● Material for this task
-- -- --

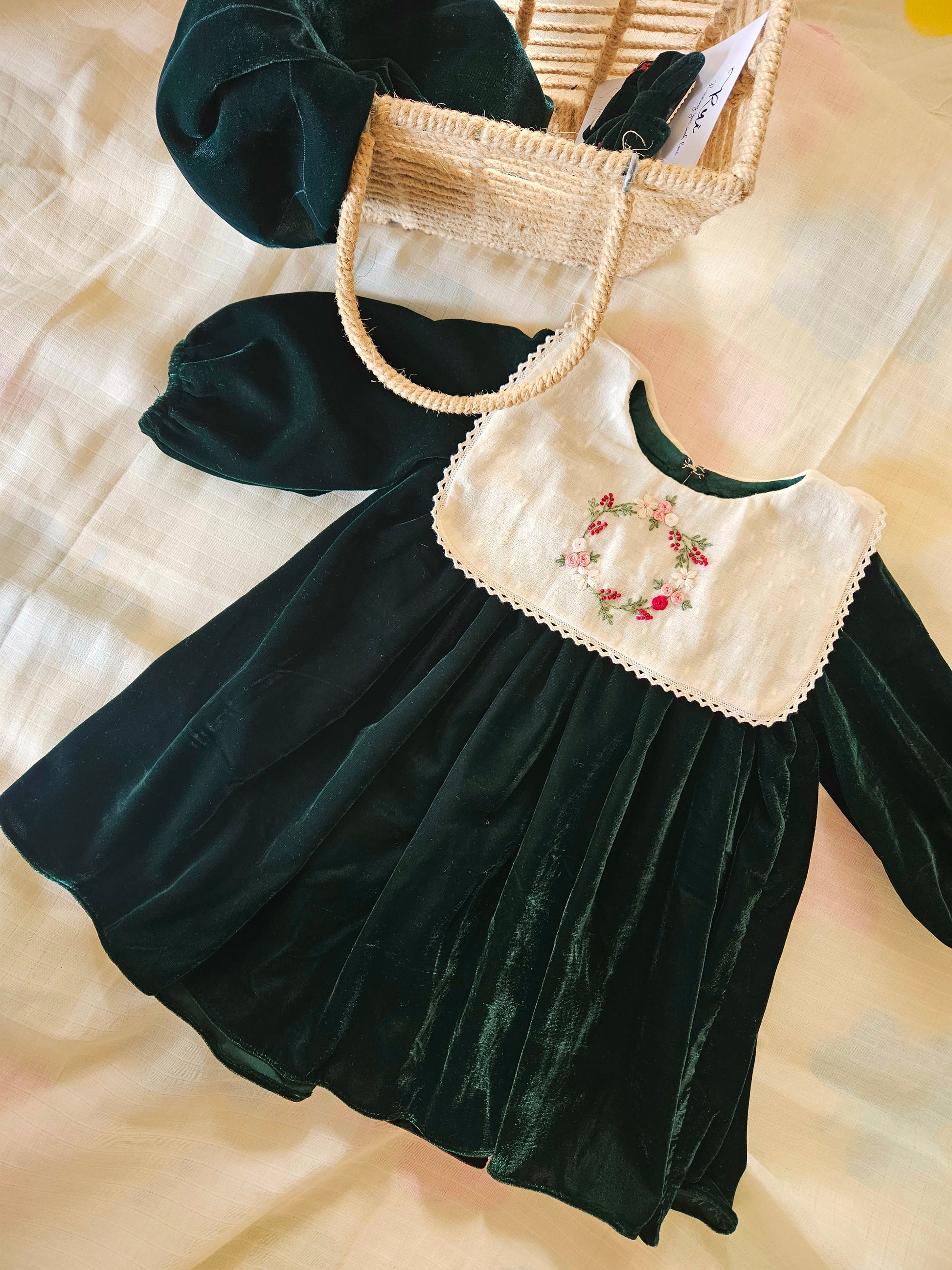 Wrap your little one in festive charm with Velvet Magic, a luxurious Christmas dress crafted in deep emerald velvet. Soft, elegant, and beautifully detailed, this dress features a hand-embroidered floral wreath on an ivory yoke, adding the perfect touch of holiday magic.
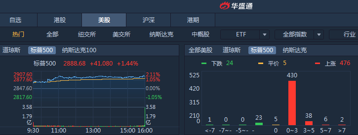 上周五,美股三大股指齐涨,市场憧憬美联储及各国央行推出经济刺激政策,道指收涨1.2%报25886.01点;纳指涨1.67%报7895.99点;标普500涨超1%报2888.68点。
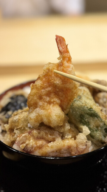 さっくり軽い衣に甘さ控えめで上品な丼タレ。肉厚な海老はぷりっと食感良く美味❗️野菜天、ゲソ天の他、鯵の大葉巻きかな?どれも風味良くボリューム満点
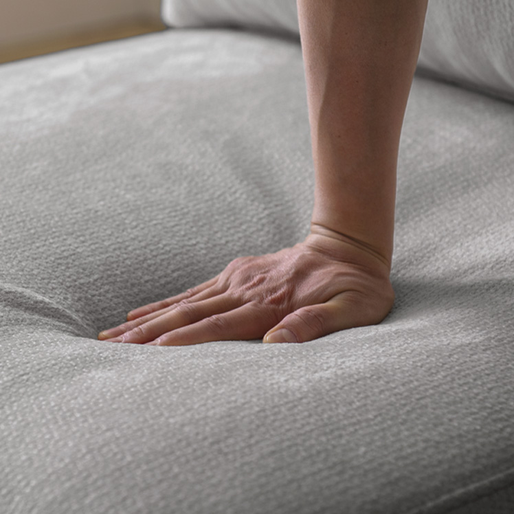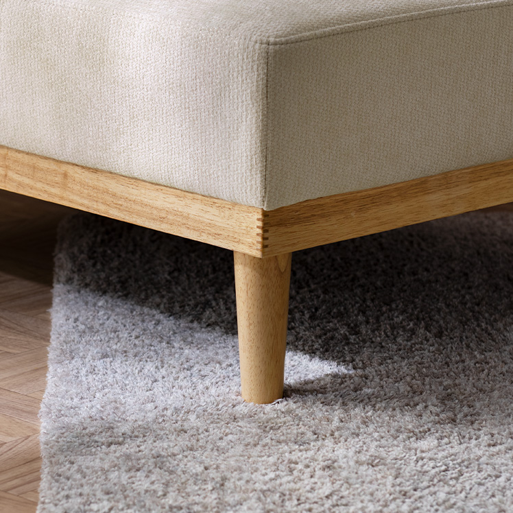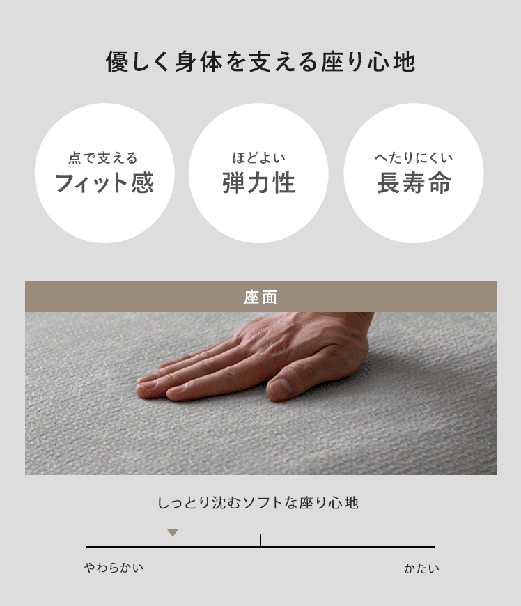 | 材質 | 天然木(ラッカー塗装仕上げ)、ウェービングベルト、鋼製バネ、ポリエステル、ウレタンフォーム、シリコンフィル |
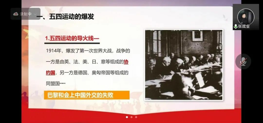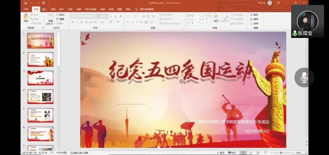 为纪念五四爱国运动,激发青年团员爱党爱国爱团的热情,计算机与信息工程学院就业指导社团,于5月4日14时在腾讯会议开展“纪念五四爱国运动”主题宣讲活动,张成业同学主持,全体社团成员参加活动。

-- -- --

● Task instructions
Copy exactly the lines from the line that holds "さっくり軽い衣に甘さ控えめで" to the end of the listing, both included. Leave the pictures out.

● Solution for this task
 さっくり軽い衣に甘さ控えめで上品な丼タレ。肉厚な海老はぷりっと食感良く美味❗️野菜天、ゲソ天の他、鯵の大葉巻きかな?どれも風味良くボリューム満点
 | 材質 | 天然木(ラッカー塗装仕上げ)、ウェービングベルト、鋼製バネ、ポリエステル、ウレタンフォーム、シリコンフィル |
 为纪念五四爱国运动,激发青年团员爱党爱国爱团的热情,计算机与信息工程学院就业指导社团,于5月4日14时在腾讯会议开展“纪念五四爱国运动”主题宣讲活动,张成业同学主持,全体社团成员参加活动。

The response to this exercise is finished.